The RBA has kept the key inflation and growth projections unchanged for 2016. It has moderately lowered its projections for 2017 growth to 2.5%-3.5% from its earlier estimate of 3%-4%. The central bank has kept its 2017 inflation forecast unchanged at 2%-3%. The RBA has extended to its projections to June 2018, when it forecasts growth to expand to 3%-4%. The central bank has raised its growth forecast to December 2015 to 2.5% from 2.25%. However, this suggests that the GDP growth will be about 0.5%-0.6% in Q4.
The central bank Governor's statement confirms the view that the lagged pass-through of the Australian dollar's depreciation will add about 0.5% to the underlying inflation in 2016 and 2017. The idea behind the projections assumes a lower terms of trade by 4% and a 30% decline in the oil prices. Meanwhile, market now expects the cash rate to be lowered by 25bp in May.
The RBA has stated that the labor market conditions rebound more than expected at the time of its statement in November. Several indicators are consistent with the rebound in employment, including business surveys. The central bank projects that the jobless rate will decline further, as compared with November's projection that the jobless rate will be unchanged over the year. However, it does acknowledge that the employment growth will decelerate from the pace in Q4 2015, but it is likely to remain strong enough to further cut the jobless rate.
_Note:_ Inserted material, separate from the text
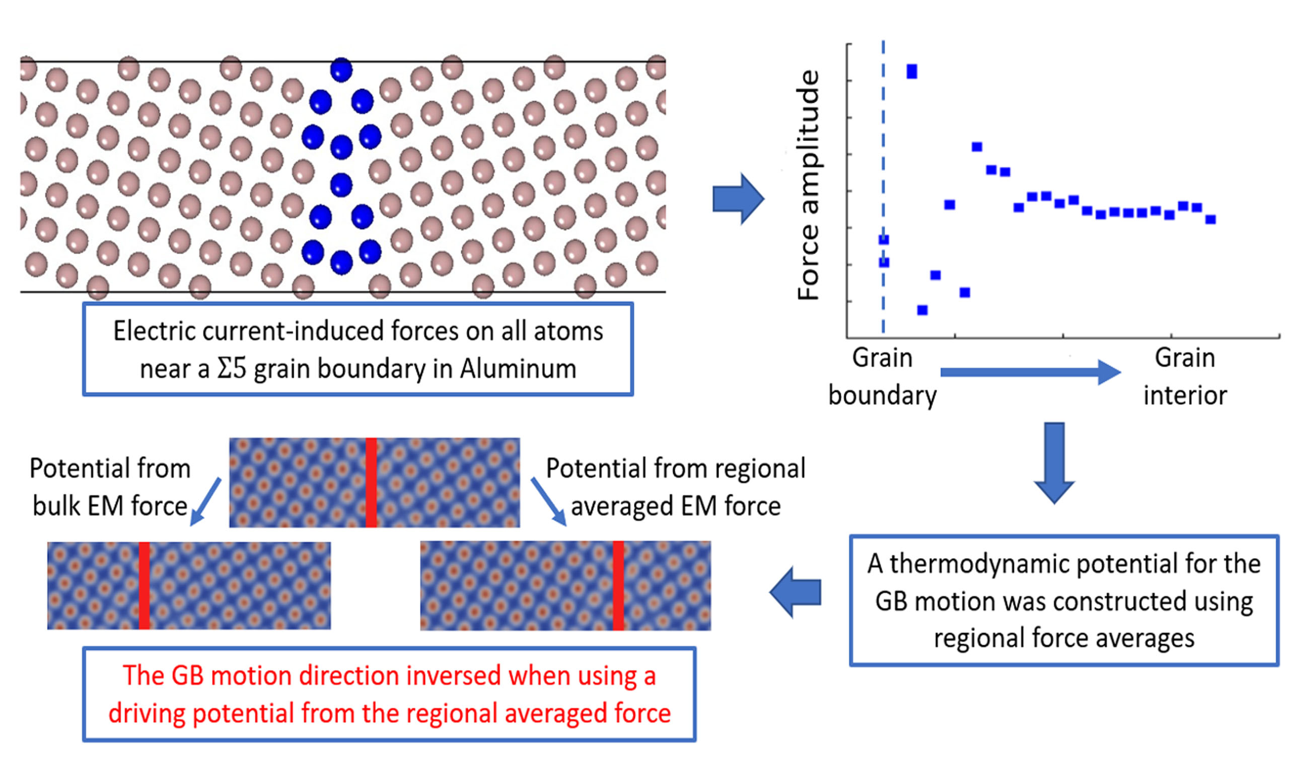 In summary, this work carried out the first calculation of EM forces for atoms near a GB. A striking feature of the EM force near the symmetrical Σ5 tilt GB in Al is identified for the first time which leads to a motion of GB atoms in opposite direction from the bulk atoms under the electric current. An effective potential which reproduces the averaged EM force near the GB is constructed. GB motion consistent with the force calculations is demonstrated using a PFC based microstructure evolution model incorporated with an effective potential. Although the EM force calculation is performed for a single GB only, it brings up the necessity to carefully consider the current-induced forces at quantum mechanical level in modelling microstructure evolutions.

"We are also of the view that employment growth will slow, but we are less confident that the unemployment rate will fall further in the near term. This risk of the Bank being disappointed if further falls in the unemployment rate do not materialise will be a factor for policy. However, we do not believe that our forecast for an upward drift in the unemployment rate from 5.8% currently to around 6.0% would be enough to trigger a rate cut", says Westpac.